This is the sequel to Sebastian. Blame my massive TBR mountain for the long time lag between books.

I notice I rated Belladonna a half star higher than Sebastian. I'm not sure if that's because I'm more familiar with the universe now, or if it's due to my moods while reading them, or if I truly think Belladonna is a better book. In other words, don't read too much into the difference.

The Eater of the World was held at bay by the end of Sebastian, but now It's back and even more dangerous, and Glorianna Belladonna is the only one who can stop It.

At first glance, Belladonna is almost simplistic, with its fight between Dark and Light. But the more I read, the more complex and complete it became. Belladonna is alone--the only one really of her kind, and she's distrusted and reviled by those most like her: the Landscapers and Bridges who can affect the shattered world of Ephemera.

Then she meets Michael, from a different part of Ephemera, a part which wasn't as broken apart, a place where magical powers in general are distrusted and reviled, a place where people don't realize how--or even that--those powers shape and change the world.

Michael is himself a "magician, luck-bringer, and ill-wisher." His sister Caitlin is a "sorceress." They can and do influence the world, but since they're from a place where their powers aren't recognized, much less nurtured, neither of them is fully aware of what they can do, or how to control it.

Seeing the same magical phenomena explained from two very different viewpoints made it more real and interesting. And I very much appreciated that the Landscapes from Sebastian weren't the entire world. So often in fantasy, you only get one point of view of how the world works, so this was refreshing.

Best, though, in my opinion, was the emotional content of the story. The loneliness of many of the main characters, particularly Belladonna, Michael, Caitlin, Michael and Caitlin's aunt Brighid, and, in reminiscences, their mother, ached through the entire book. Easing that loneliness wasn't a simple matter, as distrust, duty, and dedication kept them apart.

It was so bittersweet watching Belladonna and Michael fall in love even though they knew they had responsibilities that would separate them. The choices all the characters have to make are difficult ones, and many involve sacrifice of one form or another.

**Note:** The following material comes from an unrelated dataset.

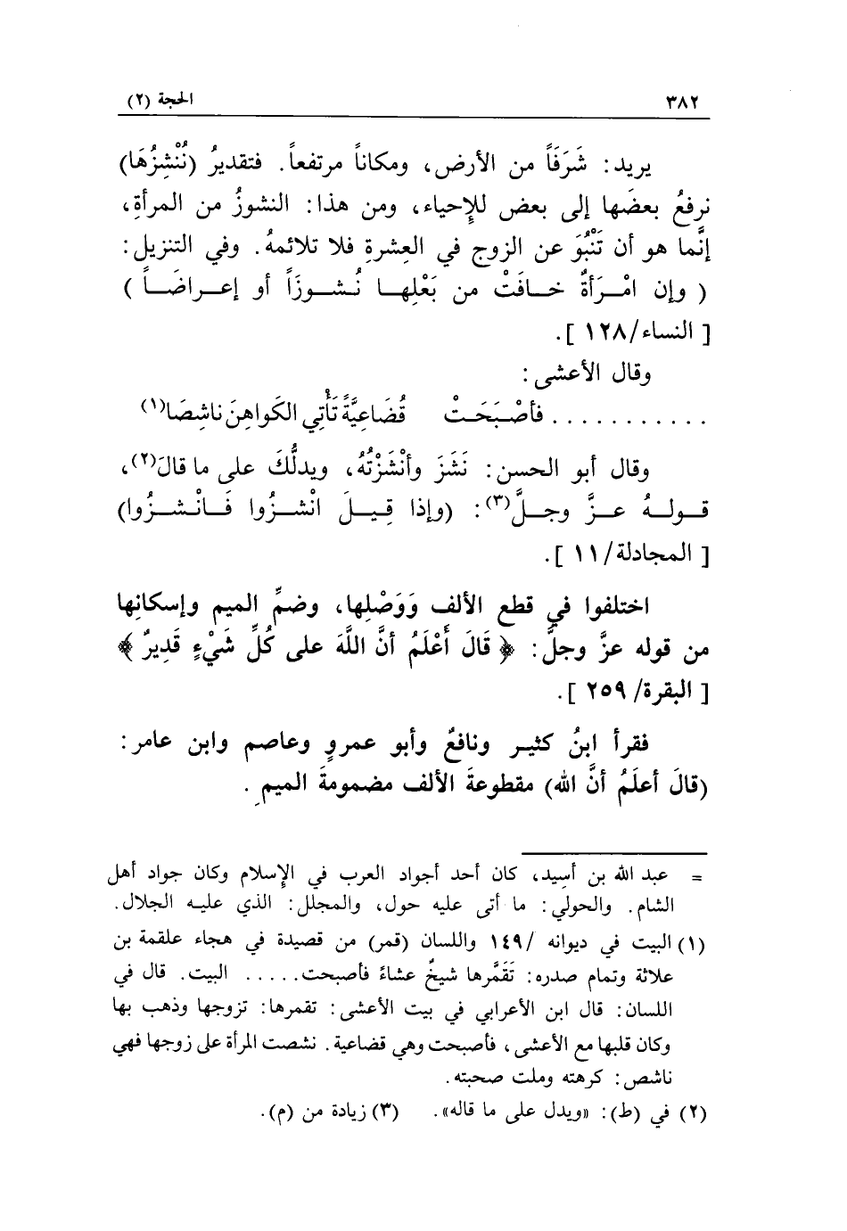 «1» وقال أبو الحسن: نشز وأنشزته، ويدلّك على ما قال «2»، قوله عزّ وجلّ «3»: وَإِذا قِيلَ انْشُزُوا فَانْشُزُوا [المجادلة/ 11].

I also loved the discussion of the effect of living in a Landscape one doesn't resonate with. It's a wonderful metaphor for life, and the effect on a person of living a life that doesn't fit them. It made me think of Martian Child.

A caveat, though if you've already read Sebastian you shouldn't need it: the Ephemera books are not the Black Jewels books. They're written with an entirely different tone and style. Honestly, if you pick these up expecting more books like the Black Jewels books, particularly the initial trilogy, you're going to be disappointed. And neither Ephemera nor Black Jewels is like the Tir Alainn trilogy, though the Amazon reviewers don't seem to mind that as much. Hmmm. Wonder why?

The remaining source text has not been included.